# [Assignment]
Transcribe the listing below exactly, without pictures.

# [Source material]
++++
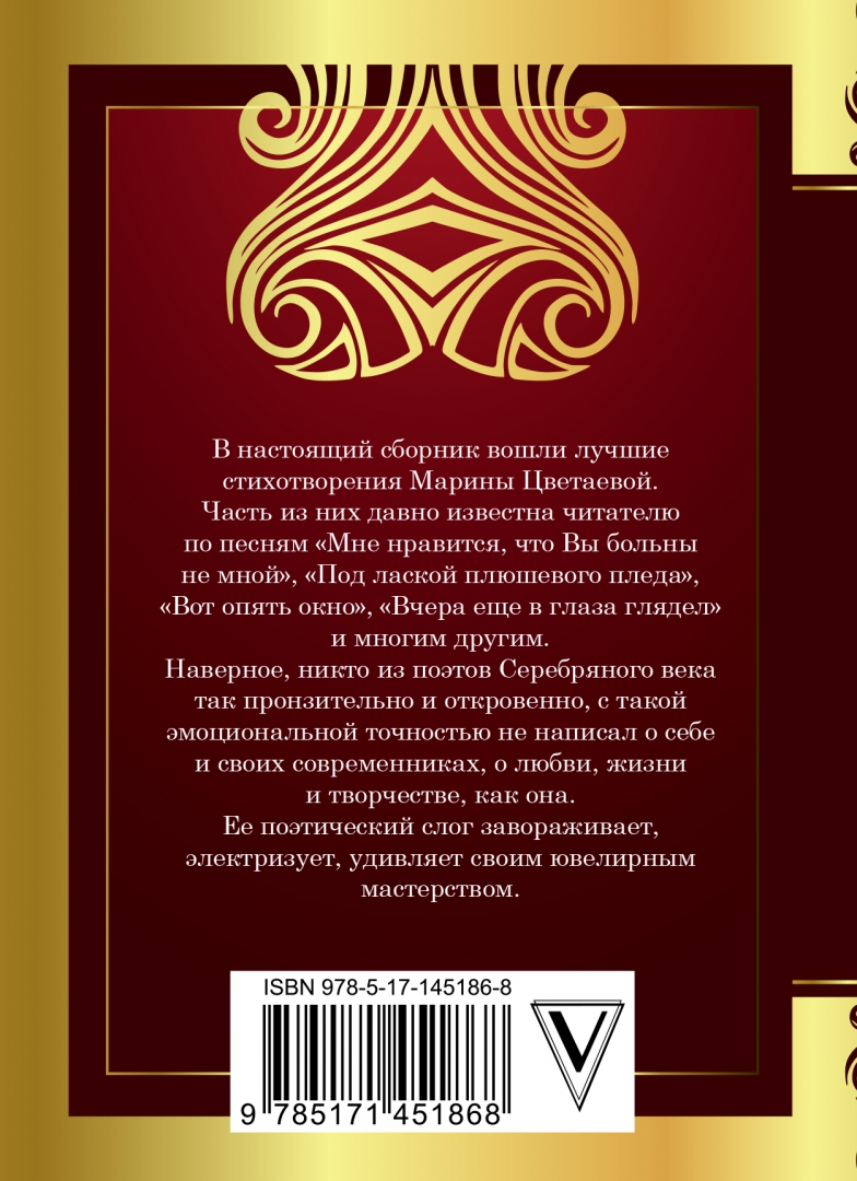 ОписаниеВ настоящий сборник вошли лучшие стихотворения Марины Цветаевой. Часть из них давно известна читателю по песням "Мне нравится, что Вы больны не мной", "Под лаской плюшевого пледа", "Вот опять окно", "Вчера еще в глаза глядел" и многим другим. Наверное, никто из поэтов Серебряного века так пронзительно и откровенно, с такой эмоциональной точностью не написал о себе и своих современниках, о любви, жизни и творчестве, как она. Ее поэтический слог завораживает, электризует, удивляет своим ювелирным мастерством.В настоящий сборник вошли лучшие стихотворения Марины Цветаевой. Часть из них давно известна читателю по песням "Мне нравится, что Вы больны не мной", "Под лаской плюшевого пледа", "Вот опять окно", "Вчера еще в глаза глядел" и многим другим. Наверное, никто из поэтов Серебряного века так пронзительно и откровенно, с такой эмоциональной точностью не написал о себе и своих современниках, о любви, жизни и творчестве, как она. Ее поэтический слог завораживает, электризует, удивляет своим ювелирным мастерством.
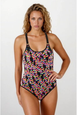 Jednodílné plavky Mina černé barevný vzor
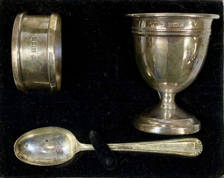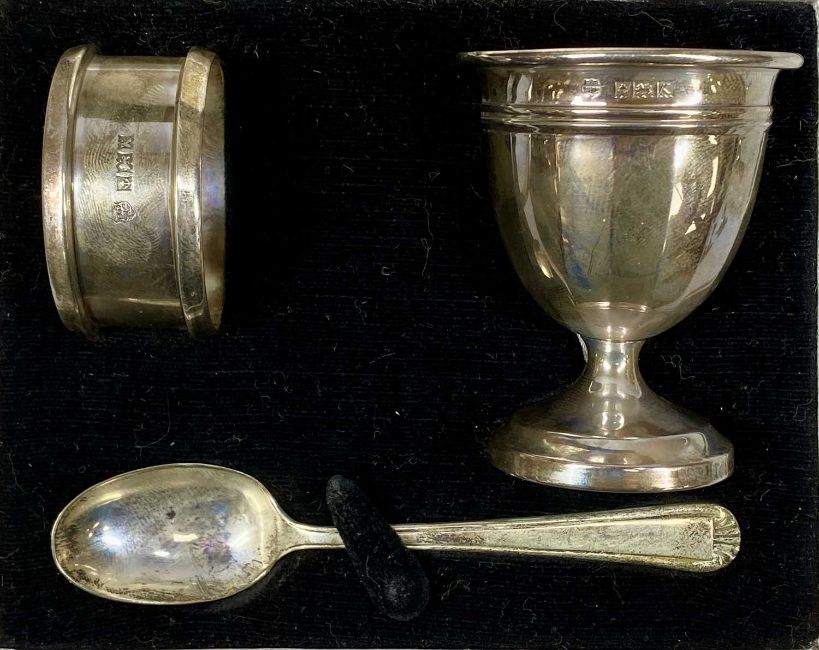 SMALL SILVER/WHITE METAL SELECTION, comprising cased three piece egg cup, napkin ring and spoon set, Birmingham 1959, Barker Brothers Silver Limited, 6.25cms (h) the egg cup, Victorian mustard spoon, London 1850, indistinct makers mark, pair of salt spoons, Birmingham 1914, Barrett & Thompson, 10.25 and 8cms (l) respectively, Indian white metal sauce boat, serpent form handle, double bordered leaf decoration, no visible marks, 5.25cms (max. h), 15cms (across), 2.5ozt weighableProvenance: private collection Denbighshire
++++
# [Exercise result]
 ОписаниеВ настоящий сборник вошли лучшие стихотворения Марины Цветаевой. Часть из них давно известна читателю по песням "Мне нравится, что Вы больны не мной", "Под лаской плюшевого пледа", "Вот опять окно", "Вчера еще в глаза глядел" и многим другим. Наверное, никто из поэтов Серебряного века так пронзительно и откровенно, с такой эмоциональной точностью не написал о себе и своих современниках, о любви, жизни и творчестве, как она. Ее поэтический слог завораживает, электризует, удивляет своим ювелирным мастерством.В настоящий сборник вошли лучшие стихотворения Марины Цветаевой. Часть из них давно известна читателю по песням "Мне нравится, что Вы больны не мной", "Под лаской плюшевого пледа", "Вот опять окно", "Вчера еще в глаза глядел" и многим другим. Наверное, никто из поэтов Серебряного века так пронзительно и откровенно, с такой эмоциональной точностью не написал о себе и своих современниках, о любви, жизни и творчестве, как она. Ее поэтический слог завораживает, электризует, удивляет своим ювелирным мастерством.
 Jednodílné plavky Mina černé barevný vzor
 SMALL SILVER/WHITE METAL SELECTION, comprising cased three piece egg cup, napkin ring and spoon set, Birmingham 1959, Barker Brothers Silver Limited, 6.25cms (h) the egg cup, Victorian mustard spoon, London 1850, indistinct makers mark, pair of salt spoons, Birmingham 1914, Barrett & Thompson, 10.25 and 8cms (l) respectively, Indian white metal sauce boat, serpent form handle, double bordered leaf decoration, no visible marks, 5.25cms (max. h), 15cms (across), 2.5ozt weighableProvenance: private collection Denbighshire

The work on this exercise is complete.